Records from a data source:

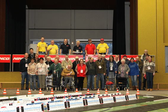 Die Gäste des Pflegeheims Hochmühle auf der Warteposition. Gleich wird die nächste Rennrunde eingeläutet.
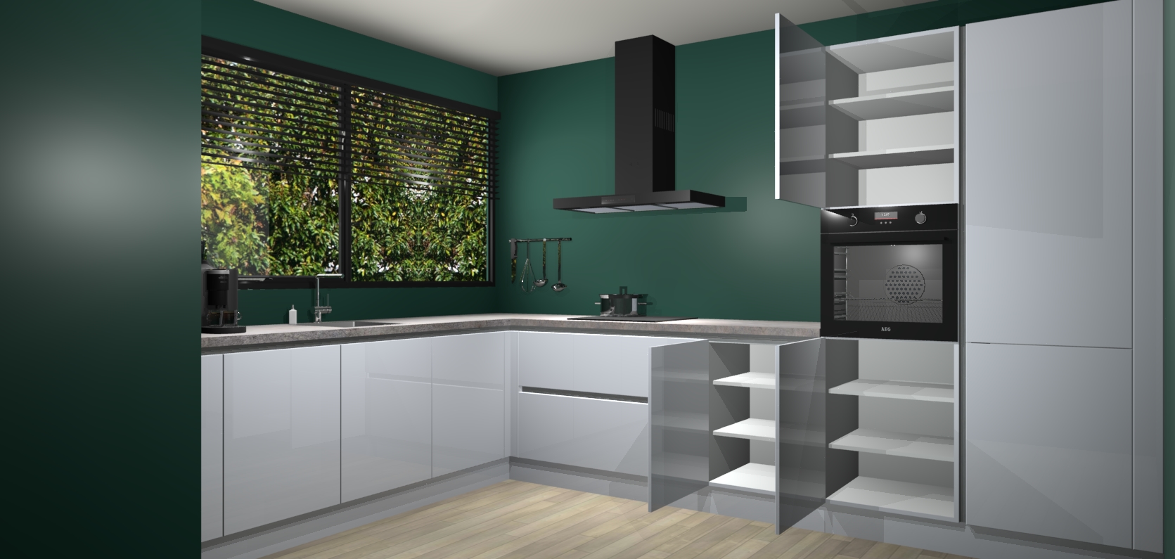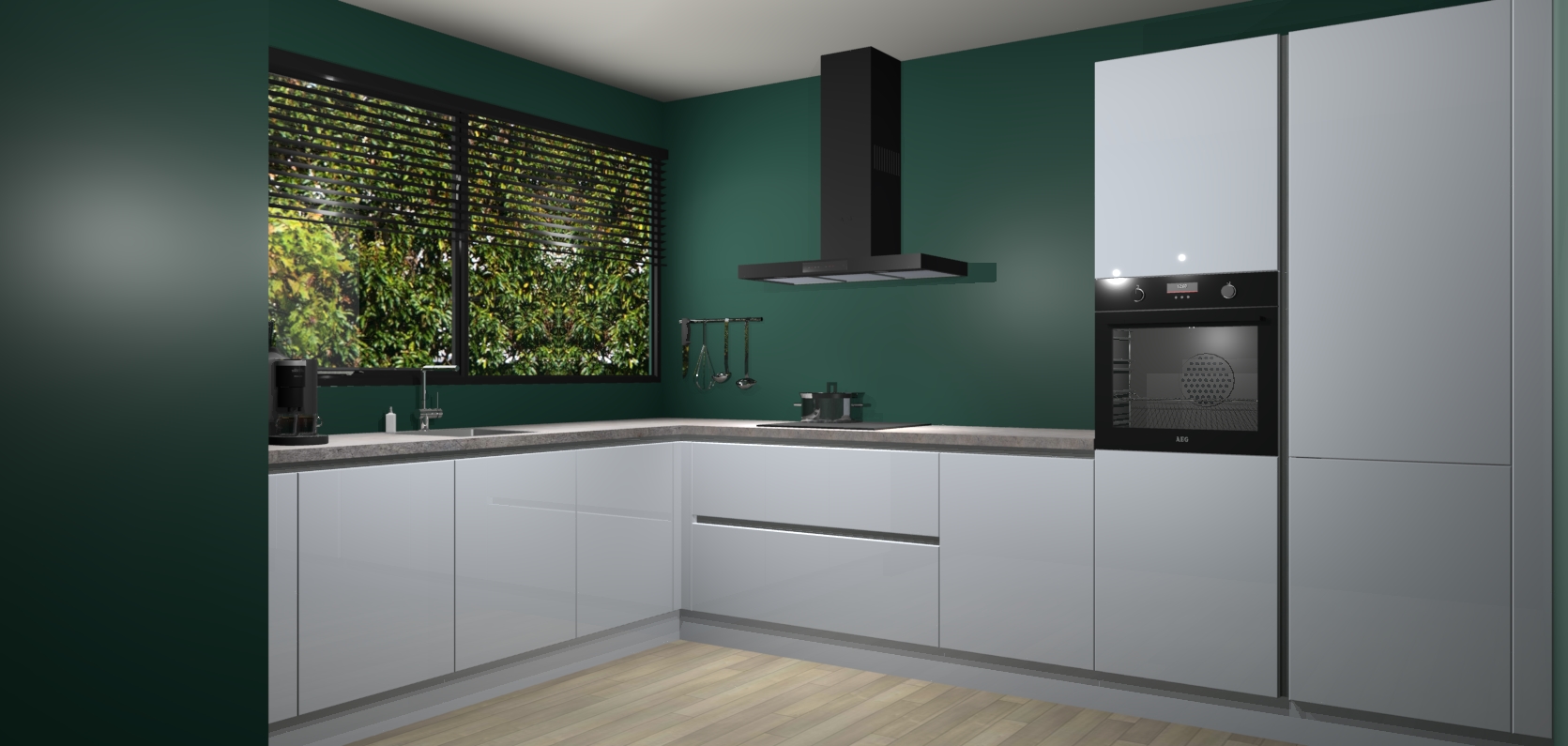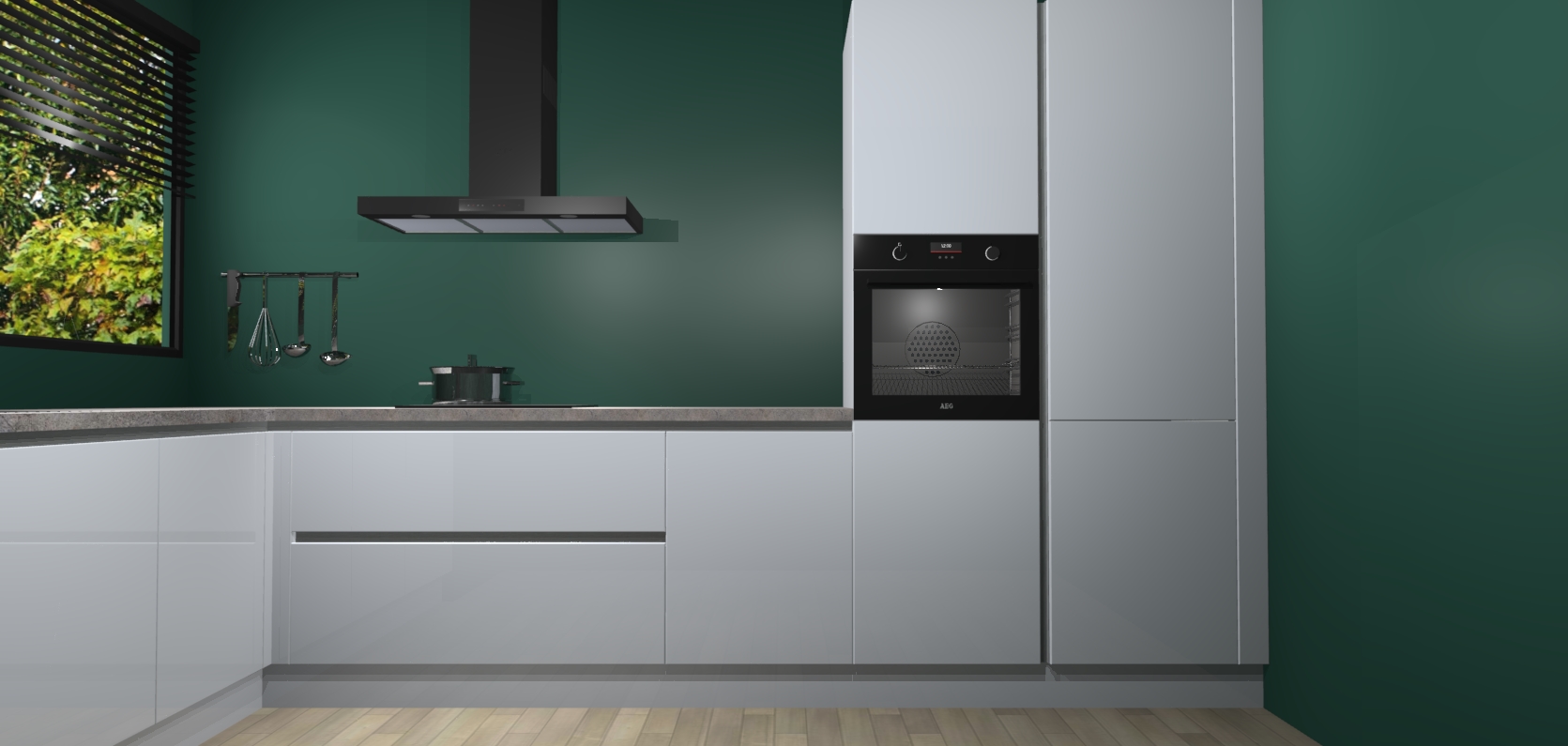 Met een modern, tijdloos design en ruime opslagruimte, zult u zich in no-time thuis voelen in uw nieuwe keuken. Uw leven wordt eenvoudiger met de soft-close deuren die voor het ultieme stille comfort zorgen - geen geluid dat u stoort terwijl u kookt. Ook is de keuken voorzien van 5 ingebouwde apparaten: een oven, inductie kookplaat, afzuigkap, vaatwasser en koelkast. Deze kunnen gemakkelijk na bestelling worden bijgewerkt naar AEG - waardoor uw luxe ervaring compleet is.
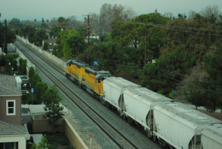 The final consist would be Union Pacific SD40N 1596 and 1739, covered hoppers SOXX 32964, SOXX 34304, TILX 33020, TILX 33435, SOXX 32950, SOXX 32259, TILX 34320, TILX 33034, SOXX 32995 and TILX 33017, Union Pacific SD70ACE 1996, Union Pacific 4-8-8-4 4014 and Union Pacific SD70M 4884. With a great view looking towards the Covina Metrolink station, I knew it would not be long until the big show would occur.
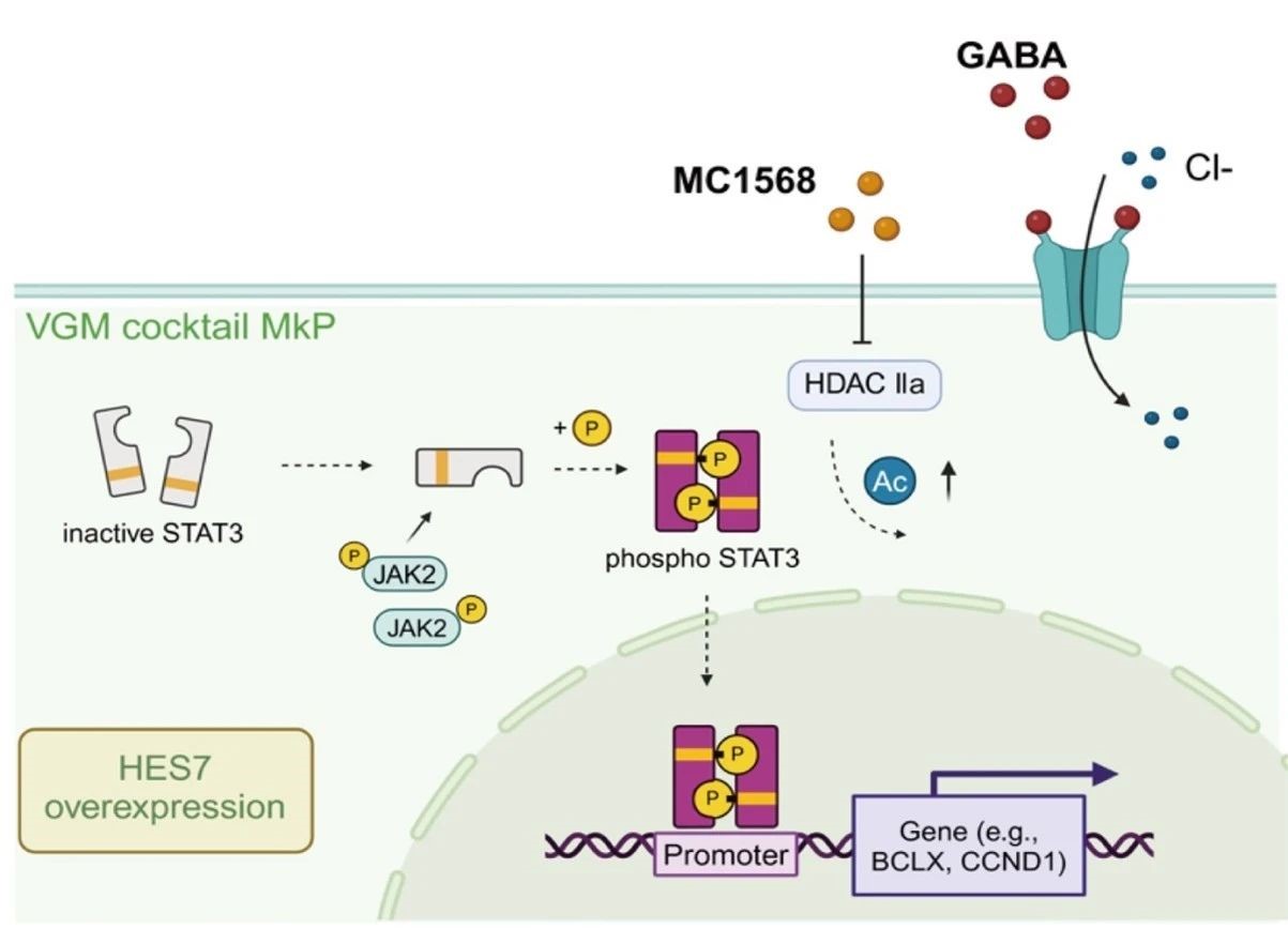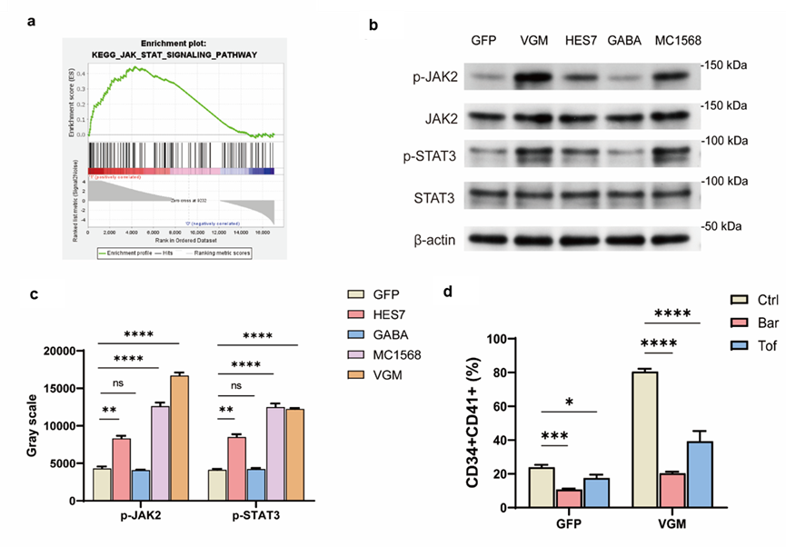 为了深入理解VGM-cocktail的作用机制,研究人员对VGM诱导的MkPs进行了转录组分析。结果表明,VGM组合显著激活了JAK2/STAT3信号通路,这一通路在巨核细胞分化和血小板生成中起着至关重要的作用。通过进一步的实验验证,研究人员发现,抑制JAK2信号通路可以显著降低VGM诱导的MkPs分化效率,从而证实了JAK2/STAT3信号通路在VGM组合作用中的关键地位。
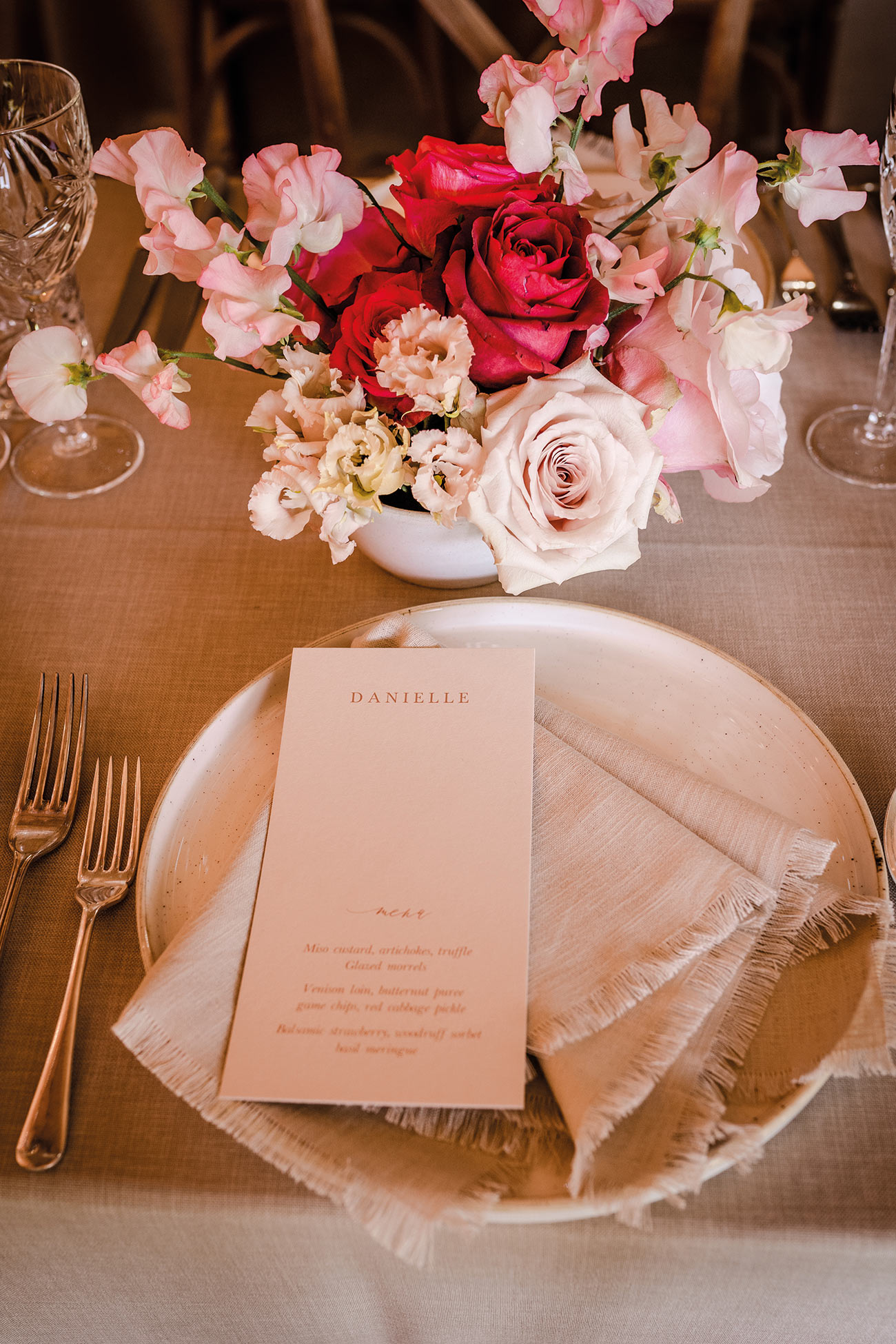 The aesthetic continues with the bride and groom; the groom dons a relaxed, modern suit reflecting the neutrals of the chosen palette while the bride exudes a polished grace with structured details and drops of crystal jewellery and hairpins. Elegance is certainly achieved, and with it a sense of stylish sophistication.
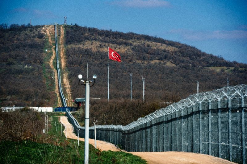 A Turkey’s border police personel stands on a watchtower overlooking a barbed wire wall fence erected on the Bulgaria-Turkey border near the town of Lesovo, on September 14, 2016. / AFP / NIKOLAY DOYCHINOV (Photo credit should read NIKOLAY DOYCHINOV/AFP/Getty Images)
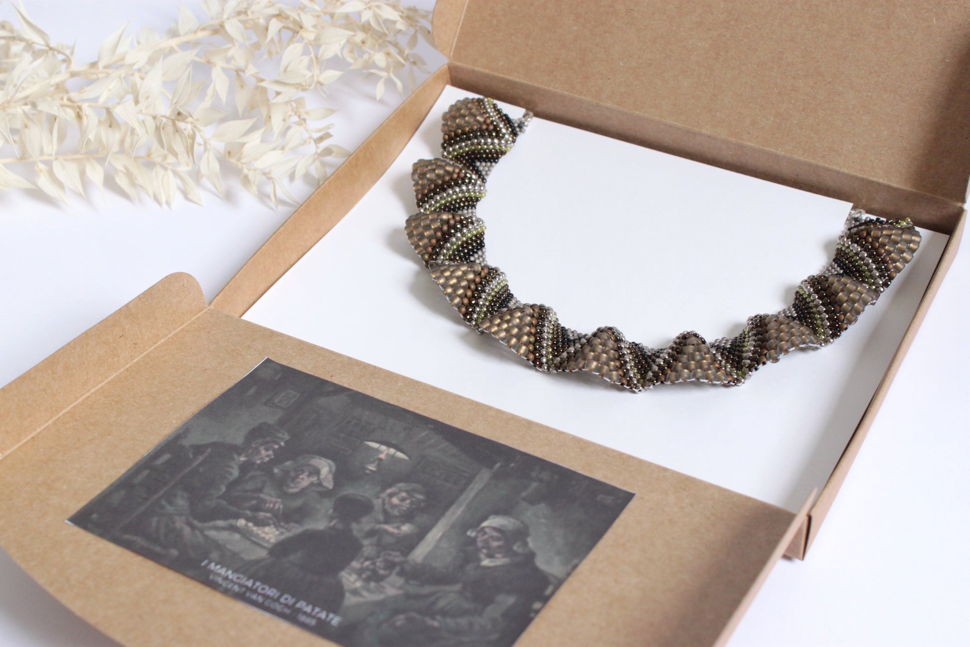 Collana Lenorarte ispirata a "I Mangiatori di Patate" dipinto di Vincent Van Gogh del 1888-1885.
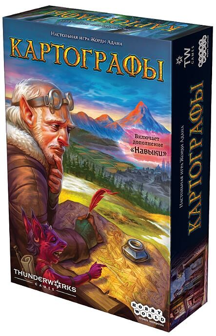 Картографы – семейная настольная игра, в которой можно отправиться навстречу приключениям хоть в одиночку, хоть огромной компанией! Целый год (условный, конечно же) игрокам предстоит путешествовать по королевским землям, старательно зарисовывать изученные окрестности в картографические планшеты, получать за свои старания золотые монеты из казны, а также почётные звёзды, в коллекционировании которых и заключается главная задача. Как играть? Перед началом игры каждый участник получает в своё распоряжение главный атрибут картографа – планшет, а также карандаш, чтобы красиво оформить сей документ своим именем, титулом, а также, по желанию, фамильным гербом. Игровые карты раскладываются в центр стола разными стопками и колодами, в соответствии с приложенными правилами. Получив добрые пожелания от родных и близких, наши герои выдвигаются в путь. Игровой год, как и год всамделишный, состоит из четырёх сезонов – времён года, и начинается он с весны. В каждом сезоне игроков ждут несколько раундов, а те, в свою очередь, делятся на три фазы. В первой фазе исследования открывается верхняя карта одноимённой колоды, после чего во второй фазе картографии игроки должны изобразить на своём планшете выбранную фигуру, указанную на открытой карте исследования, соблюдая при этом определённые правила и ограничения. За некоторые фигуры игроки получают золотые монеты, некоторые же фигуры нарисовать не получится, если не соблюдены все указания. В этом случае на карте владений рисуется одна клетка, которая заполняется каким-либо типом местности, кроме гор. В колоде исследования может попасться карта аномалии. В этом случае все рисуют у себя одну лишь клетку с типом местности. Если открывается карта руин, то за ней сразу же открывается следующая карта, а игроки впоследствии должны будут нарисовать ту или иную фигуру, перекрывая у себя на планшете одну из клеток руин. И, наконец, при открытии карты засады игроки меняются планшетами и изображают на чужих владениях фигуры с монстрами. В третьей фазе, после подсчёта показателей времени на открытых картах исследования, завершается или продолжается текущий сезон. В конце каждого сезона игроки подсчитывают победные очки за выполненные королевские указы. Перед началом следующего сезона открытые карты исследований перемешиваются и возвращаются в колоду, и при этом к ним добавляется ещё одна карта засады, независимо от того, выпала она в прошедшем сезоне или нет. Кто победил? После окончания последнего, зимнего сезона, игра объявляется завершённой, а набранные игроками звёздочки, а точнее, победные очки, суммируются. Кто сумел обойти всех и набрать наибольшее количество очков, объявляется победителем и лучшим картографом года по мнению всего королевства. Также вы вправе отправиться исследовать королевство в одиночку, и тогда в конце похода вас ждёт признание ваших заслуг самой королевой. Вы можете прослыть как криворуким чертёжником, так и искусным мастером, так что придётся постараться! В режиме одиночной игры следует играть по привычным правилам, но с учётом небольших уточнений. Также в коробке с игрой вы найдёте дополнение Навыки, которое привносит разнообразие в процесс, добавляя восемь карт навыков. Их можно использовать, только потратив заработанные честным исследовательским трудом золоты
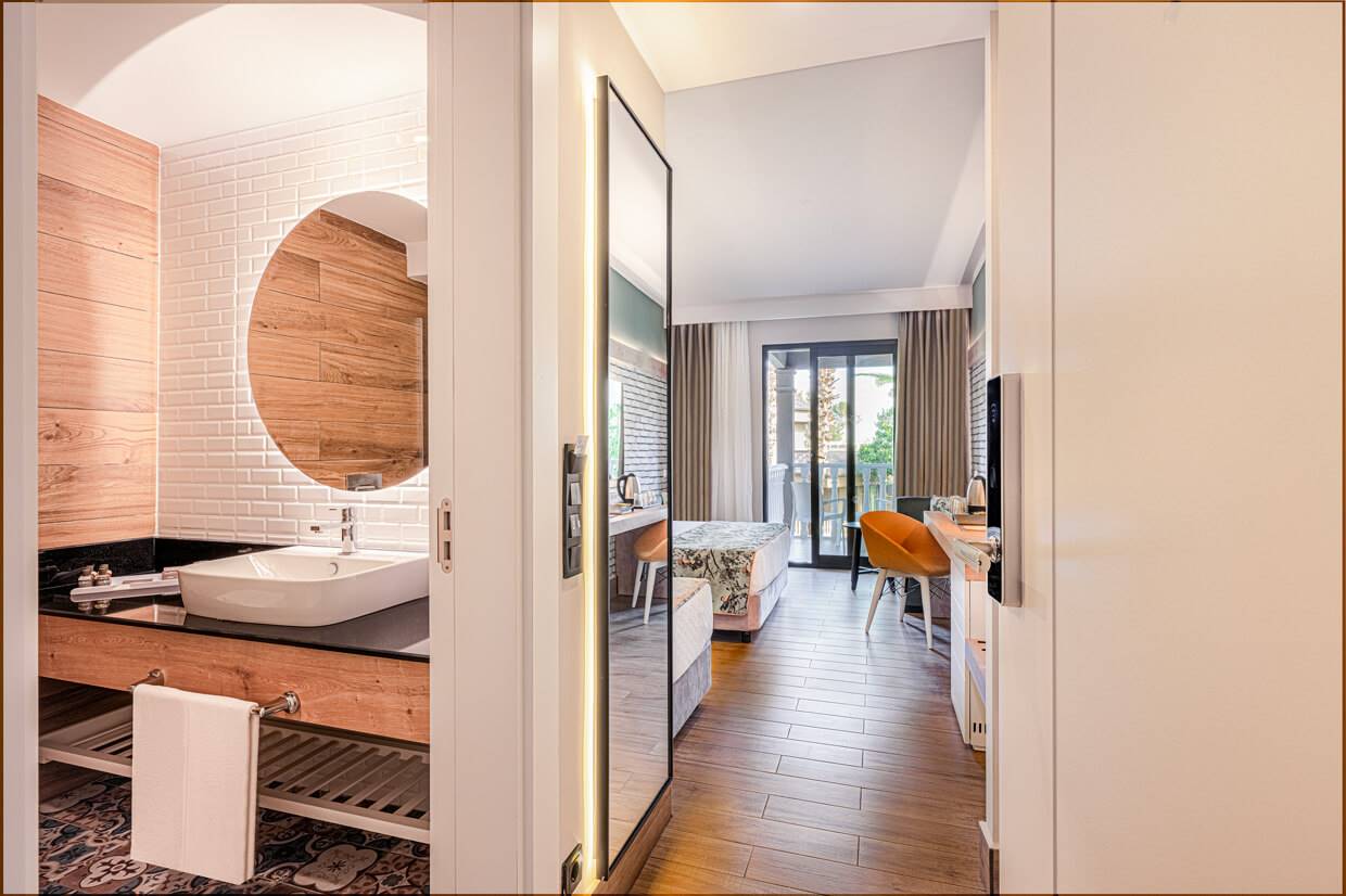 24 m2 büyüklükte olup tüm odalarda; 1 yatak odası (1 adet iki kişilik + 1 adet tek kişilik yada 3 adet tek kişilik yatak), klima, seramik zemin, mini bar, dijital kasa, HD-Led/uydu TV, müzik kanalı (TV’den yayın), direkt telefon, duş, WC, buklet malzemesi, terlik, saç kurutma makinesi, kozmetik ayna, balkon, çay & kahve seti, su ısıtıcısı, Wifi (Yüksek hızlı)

WHAT YOU WILL DO: Going by the data above, the answer is exactly the lines from the one holding "Met een modern, tijdloos" to the one holding "The final consist", both kept, with the pictures left out.

RESULT OF THIS TASK:
 Met een modern, tijdloos design en ruime opslagruimte, zult u zich in no-time thuis voelen in uw nieuwe keuken. Uw leven wordt eenvoudiger met de soft-close deuren die voor het ultieme stille comfort zorgen - geen geluid dat u stoort terwijl u kookt. Ook is de keuken voorzien van 5 ingebouwde apparaten: een oven, inductie kookplaat, afzuigkap, vaatwasser en koelkast. Deze kunnen gemakkelijk na bestelling worden bijgewerkt naar AEG - waardoor uw luxe ervaring compleet is.
 The final consist would be Union Pacific SD40N 1596 and 1739, covered hoppers SOXX 32964, SOXX 34304, TILX 33020, TILX 33435, SOXX 32950, SOXX 32259, TILX 34320, TILX 33034, SOXX 32995 and TILX 33017, Union Pacific SD70ACE 1996, Union Pacific 4-8-8-4 4014 and Union Pacific SD70M 4884. With a great view looking towards the Covina Metrolink station, I knew it would not be long until the big show would occur.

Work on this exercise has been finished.